GCNs-Net: A Graph Convolutional Neural Network Approach for Decoding Time-resolved EEG Motor Imagery Signals

TL;DR

This paper introduces GCNs-Net, a graph convolutional neural network framework that leverages the topological relationships among EEG electrodes to improve decoding accuracy of motor imagery signals in brain-computer interfaces.

Contribution

It presents a novel GCN-based approach that incorporates electrode topology for EEG decoding, achieving superior accuracy over existing methods.

Findings

Achieved 93.06% accuracy on PhysioNet dataset at the subject level.

Demonstrated robustness and reproducibility across multiple experiments.

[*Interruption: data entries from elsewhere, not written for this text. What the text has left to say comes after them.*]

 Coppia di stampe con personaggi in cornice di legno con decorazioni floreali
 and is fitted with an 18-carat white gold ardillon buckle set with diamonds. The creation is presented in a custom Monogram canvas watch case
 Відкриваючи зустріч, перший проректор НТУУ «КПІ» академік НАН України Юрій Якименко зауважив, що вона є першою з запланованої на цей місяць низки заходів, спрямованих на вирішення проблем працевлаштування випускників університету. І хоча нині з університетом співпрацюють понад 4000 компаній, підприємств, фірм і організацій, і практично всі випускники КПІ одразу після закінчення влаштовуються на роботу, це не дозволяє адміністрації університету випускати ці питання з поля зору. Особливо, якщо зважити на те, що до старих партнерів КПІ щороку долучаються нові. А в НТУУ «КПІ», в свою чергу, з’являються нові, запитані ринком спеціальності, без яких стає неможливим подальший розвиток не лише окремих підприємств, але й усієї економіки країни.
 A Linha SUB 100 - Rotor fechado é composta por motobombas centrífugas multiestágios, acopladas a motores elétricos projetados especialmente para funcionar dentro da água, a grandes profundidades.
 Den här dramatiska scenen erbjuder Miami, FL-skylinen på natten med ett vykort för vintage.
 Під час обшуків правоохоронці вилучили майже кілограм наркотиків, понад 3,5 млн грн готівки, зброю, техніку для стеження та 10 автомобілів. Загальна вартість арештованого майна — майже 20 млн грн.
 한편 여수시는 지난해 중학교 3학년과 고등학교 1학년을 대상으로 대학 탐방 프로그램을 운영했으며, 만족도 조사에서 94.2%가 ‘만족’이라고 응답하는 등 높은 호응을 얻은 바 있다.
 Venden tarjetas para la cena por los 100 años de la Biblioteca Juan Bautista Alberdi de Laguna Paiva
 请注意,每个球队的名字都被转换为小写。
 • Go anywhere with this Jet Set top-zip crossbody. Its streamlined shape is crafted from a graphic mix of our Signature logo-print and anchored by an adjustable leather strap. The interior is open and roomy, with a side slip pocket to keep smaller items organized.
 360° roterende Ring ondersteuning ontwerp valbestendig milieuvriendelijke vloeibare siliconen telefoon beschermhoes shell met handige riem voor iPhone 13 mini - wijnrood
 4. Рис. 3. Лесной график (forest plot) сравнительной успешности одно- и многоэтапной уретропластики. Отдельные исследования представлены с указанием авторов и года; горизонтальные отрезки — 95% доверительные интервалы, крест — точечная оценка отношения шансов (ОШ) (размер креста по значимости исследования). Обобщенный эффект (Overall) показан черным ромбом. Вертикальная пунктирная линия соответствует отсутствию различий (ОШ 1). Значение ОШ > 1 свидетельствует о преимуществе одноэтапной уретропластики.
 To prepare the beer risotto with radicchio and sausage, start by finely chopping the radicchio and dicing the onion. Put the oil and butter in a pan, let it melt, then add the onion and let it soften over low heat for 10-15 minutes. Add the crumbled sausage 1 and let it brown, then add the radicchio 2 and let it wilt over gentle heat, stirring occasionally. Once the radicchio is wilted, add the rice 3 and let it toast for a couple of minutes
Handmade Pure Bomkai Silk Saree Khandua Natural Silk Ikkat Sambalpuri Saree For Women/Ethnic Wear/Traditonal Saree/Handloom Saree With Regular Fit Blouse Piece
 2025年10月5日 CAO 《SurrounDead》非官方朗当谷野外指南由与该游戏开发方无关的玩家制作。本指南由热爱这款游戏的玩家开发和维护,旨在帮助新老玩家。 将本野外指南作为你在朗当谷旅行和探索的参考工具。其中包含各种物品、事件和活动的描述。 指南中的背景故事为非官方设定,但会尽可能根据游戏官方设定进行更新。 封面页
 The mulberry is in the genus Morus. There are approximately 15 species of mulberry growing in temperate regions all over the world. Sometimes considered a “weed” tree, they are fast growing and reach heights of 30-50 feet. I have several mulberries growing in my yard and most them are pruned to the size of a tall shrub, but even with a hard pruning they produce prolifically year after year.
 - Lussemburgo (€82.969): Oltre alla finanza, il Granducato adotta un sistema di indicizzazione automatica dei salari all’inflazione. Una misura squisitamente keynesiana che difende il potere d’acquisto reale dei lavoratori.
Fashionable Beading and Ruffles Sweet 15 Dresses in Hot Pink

Outperformed existing EEG decoding methods in accuracy.

Abstract

Towards developing effective and efficient brain-computer interface (BCI) systems, precise decoding of brain activity measured by electroencephalogram (EEG), is highly demanded. Traditional works classify EEG signals without considering the topological relationship among electrodes. However, neuroscience research has increasingly emphasized network patterns of brain dynamics. Thus, the Euclidean structure of electrodes might not adequately reflect the interaction between signals. To fill the gap, a novel deep learning framework based on the graph convolutional neural networks (GCNs) is presented to enhance the decoding performance of raw EEG signals during different types of motor imagery (MI) tasks while cooperating with the functional topological relationship of electrodes. Based on the absolute Pearson's matrix of overall signals, the graph Laplacian of EEG electrodes is built up. The GCNs-Net constructed by graph convolutional layers learns the generalized features. The followed pooling layers reduce dimensionality, and the fully-connected softmax layer derives the final prediction. The introduced approach has been shown to converge for both personalized and group-wise predictions. It has achieved the highest averaged accuracy, 93.06% and 88.57% (PhysioNet Dataset), 96.24% and 80.89% (High Gamma Dataset), at the subject and group level, respectively, compared with existing studies, which suggests adaptability and robustness to individual variability. Moreover, the performance is stably reproducible among repetitive experiments for cross-validation. The excellent performance of our method has shown that it is an important step towards better BCI approaches. To conclude, the GCNs-Net filters EEG signals based on the functional topological relationship, which manages to decode relevant features for brain motor imagery.